YOUR GOAL ▸ Copy exactly the lines of the data below, beginning with the line with "A téma bevezetéseként" and ending with the line with "Minimally designed yet". Pictures are to be omitted.

RECORDS FOR THE EXERCISE ▸
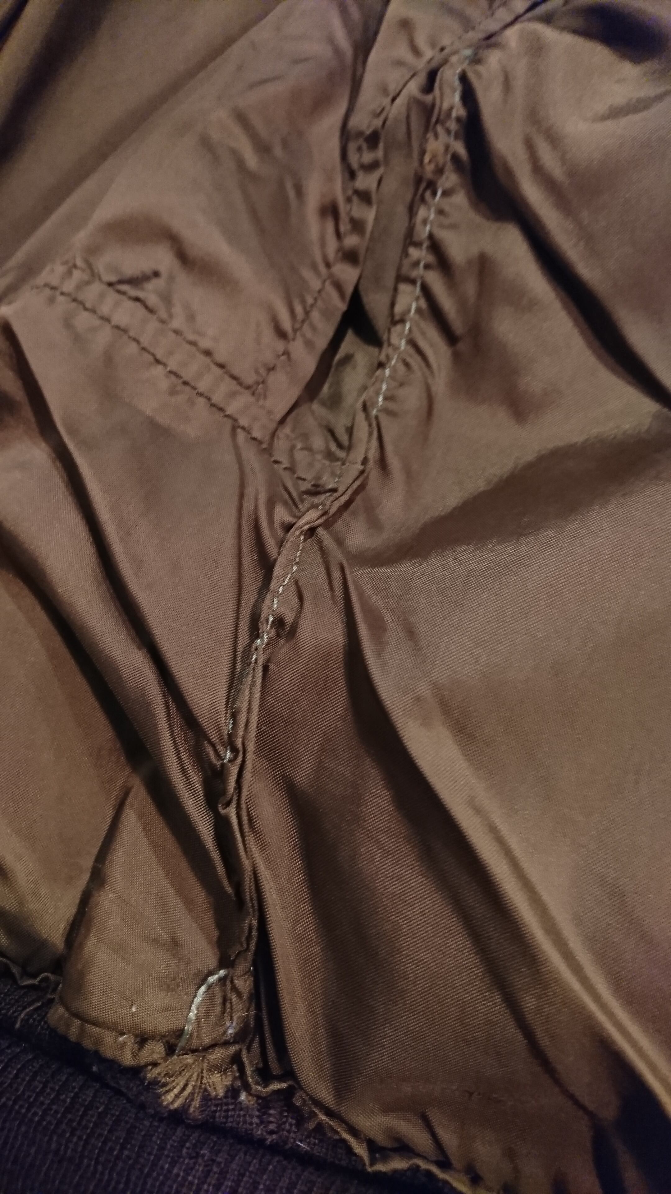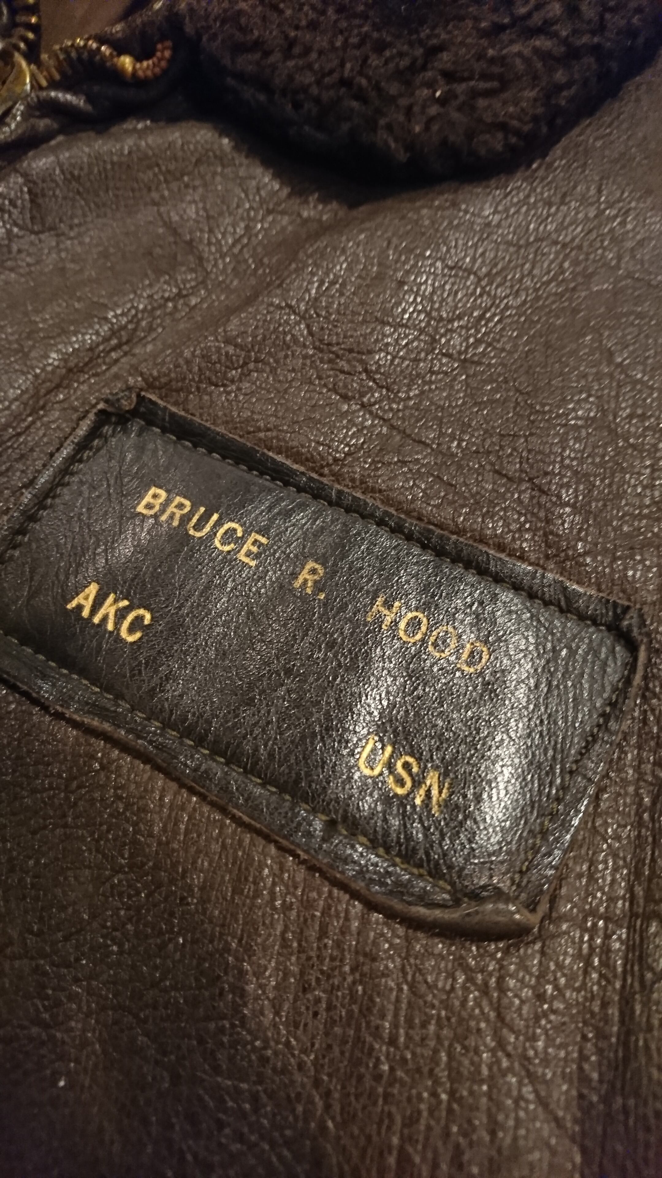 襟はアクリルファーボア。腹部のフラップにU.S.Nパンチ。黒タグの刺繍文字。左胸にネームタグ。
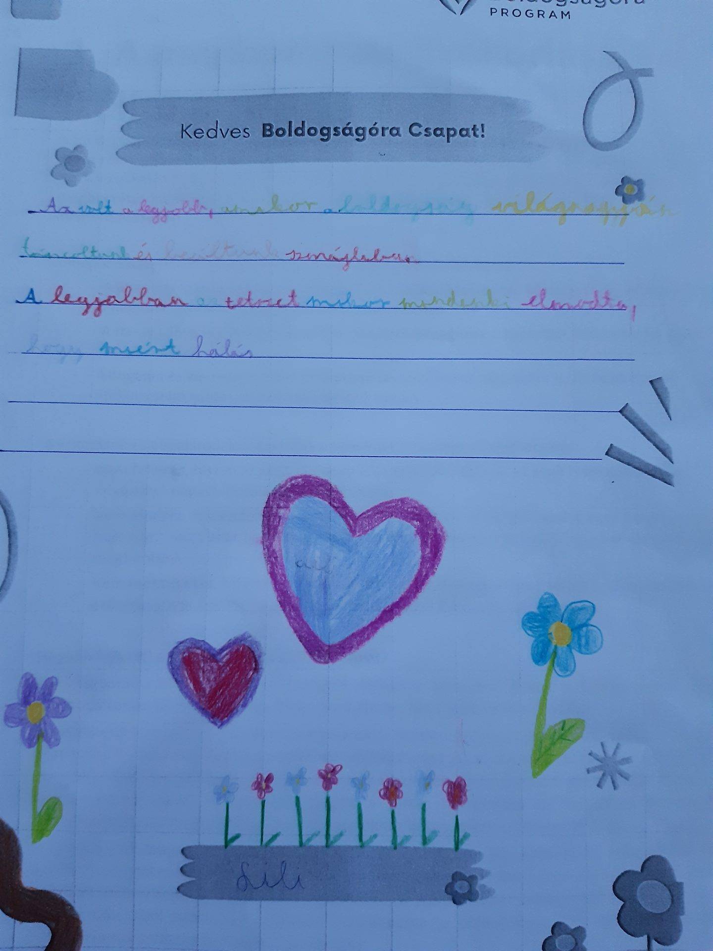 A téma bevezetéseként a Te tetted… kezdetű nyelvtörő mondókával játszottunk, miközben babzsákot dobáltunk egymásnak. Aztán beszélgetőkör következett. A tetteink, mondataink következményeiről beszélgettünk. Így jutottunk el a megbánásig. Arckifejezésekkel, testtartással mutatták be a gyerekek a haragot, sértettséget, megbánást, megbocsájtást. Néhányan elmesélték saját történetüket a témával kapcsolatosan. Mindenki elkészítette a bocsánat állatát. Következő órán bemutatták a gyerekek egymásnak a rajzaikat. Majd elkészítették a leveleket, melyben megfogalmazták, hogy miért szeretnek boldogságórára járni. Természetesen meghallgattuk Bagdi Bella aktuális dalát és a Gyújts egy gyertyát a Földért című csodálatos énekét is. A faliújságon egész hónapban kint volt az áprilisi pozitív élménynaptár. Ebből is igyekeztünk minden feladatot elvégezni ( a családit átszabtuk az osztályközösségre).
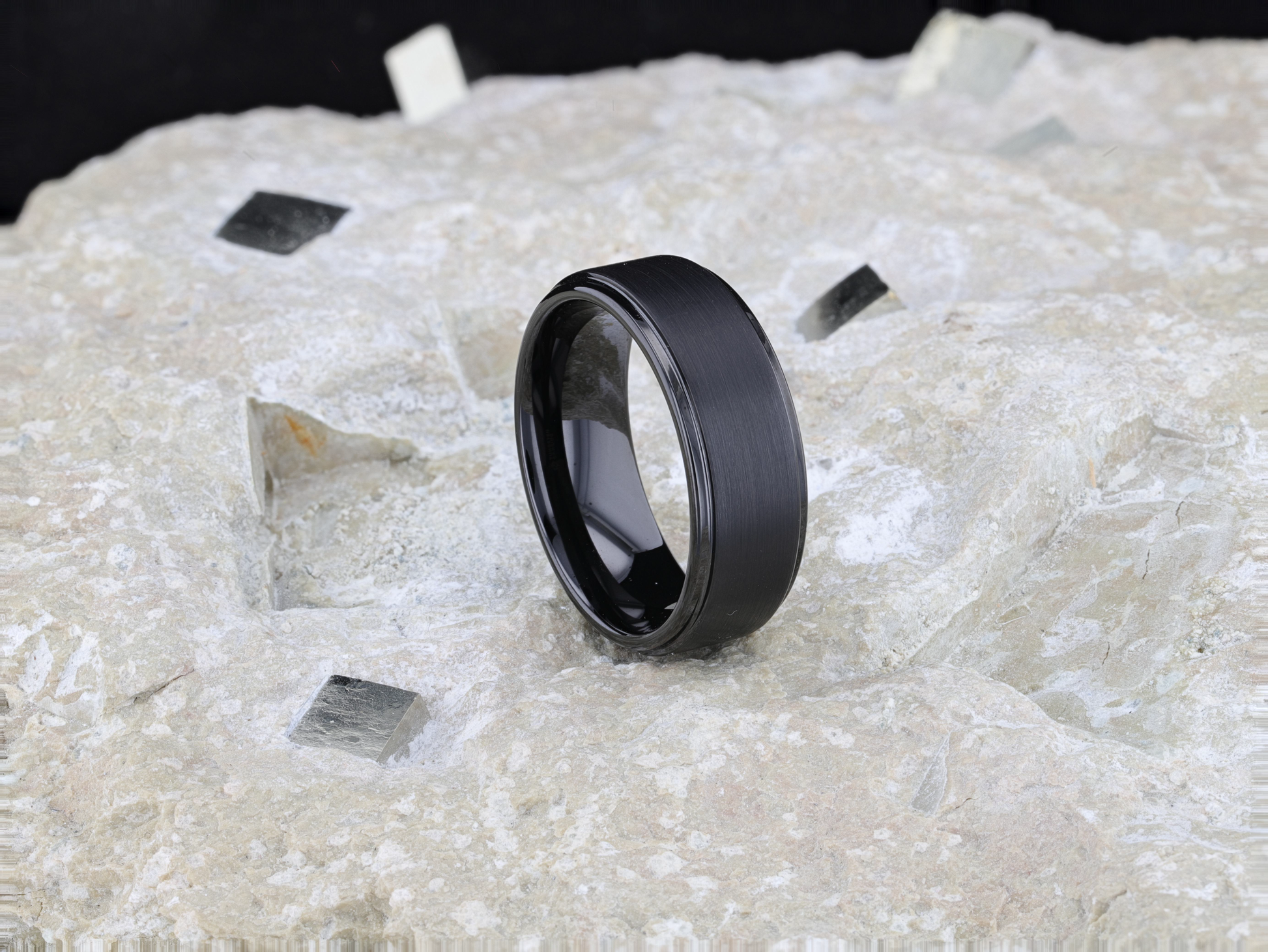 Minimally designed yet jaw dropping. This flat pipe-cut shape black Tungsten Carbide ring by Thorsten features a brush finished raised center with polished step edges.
--
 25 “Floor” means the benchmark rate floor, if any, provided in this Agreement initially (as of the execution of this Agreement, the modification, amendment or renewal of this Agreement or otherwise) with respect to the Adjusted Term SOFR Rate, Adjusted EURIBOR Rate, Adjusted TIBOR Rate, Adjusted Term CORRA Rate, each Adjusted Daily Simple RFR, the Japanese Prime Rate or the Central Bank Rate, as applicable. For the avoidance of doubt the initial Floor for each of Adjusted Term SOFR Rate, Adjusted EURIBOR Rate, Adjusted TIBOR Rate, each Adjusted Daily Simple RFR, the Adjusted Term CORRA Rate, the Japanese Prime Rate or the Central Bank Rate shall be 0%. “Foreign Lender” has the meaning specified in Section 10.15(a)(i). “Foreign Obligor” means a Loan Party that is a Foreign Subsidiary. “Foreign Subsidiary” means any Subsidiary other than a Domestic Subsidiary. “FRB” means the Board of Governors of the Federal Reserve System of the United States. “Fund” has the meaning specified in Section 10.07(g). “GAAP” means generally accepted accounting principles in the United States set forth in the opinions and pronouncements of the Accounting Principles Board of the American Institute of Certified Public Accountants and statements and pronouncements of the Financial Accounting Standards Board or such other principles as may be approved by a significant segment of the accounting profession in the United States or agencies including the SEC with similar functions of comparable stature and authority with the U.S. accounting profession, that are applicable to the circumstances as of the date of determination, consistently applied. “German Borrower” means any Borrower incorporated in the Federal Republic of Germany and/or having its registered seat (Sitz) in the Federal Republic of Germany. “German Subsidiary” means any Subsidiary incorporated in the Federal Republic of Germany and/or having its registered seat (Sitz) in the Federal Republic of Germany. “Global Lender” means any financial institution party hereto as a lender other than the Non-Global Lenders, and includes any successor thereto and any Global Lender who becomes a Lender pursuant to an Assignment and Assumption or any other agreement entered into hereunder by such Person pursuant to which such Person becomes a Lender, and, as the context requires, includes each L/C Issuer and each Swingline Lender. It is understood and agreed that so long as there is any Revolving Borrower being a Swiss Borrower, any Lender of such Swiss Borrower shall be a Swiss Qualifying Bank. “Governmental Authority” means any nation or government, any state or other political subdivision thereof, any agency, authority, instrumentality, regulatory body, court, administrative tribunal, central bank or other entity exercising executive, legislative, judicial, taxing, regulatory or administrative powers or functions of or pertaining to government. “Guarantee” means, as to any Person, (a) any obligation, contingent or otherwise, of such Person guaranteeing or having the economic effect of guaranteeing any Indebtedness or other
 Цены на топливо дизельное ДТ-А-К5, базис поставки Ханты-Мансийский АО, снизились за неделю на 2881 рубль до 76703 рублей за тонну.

RESULT OF THIS TASK ▸
 A téma bevezetéseként a Te tetted… kezdetű nyelvtörő mondókával játszottunk, miközben babzsákot dobáltunk egymásnak. Aztán beszélgetőkör következett. A tetteink, mondataink következményeiről beszélgettünk. Így jutottunk el a megbánásig. Arckifejezésekkel, testtartással mutatták be a gyerekek a haragot, sértettséget, megbánást, megbocsájtást. Néhányan elmesélték saját történetüket a témával kapcsolatosan. Mindenki elkészítette a bocsánat állatát. Következő órán bemutatták a gyerekek egymásnak a rajzaikat. Majd elkészítették a leveleket, melyben megfogalmazták, hogy miért szeretnek boldogságórára járni. Természetesen meghallgattuk Bagdi Bella aktuális dalát és a Gyújts egy gyertyát a Földért című csodálatos énekét is. A faliújságon egész hónapban kint volt az áprilisi pozitív élménynaptár. Ebből is igyekeztünk minden feladatot elvégezni ( a családit átszabtuk az osztályközösségre).
 Minimally designed yet jaw dropping. This flat pipe-cut shape black Tungsten Carbide ring by Thorsten features a brush finished raised center with polished step edges.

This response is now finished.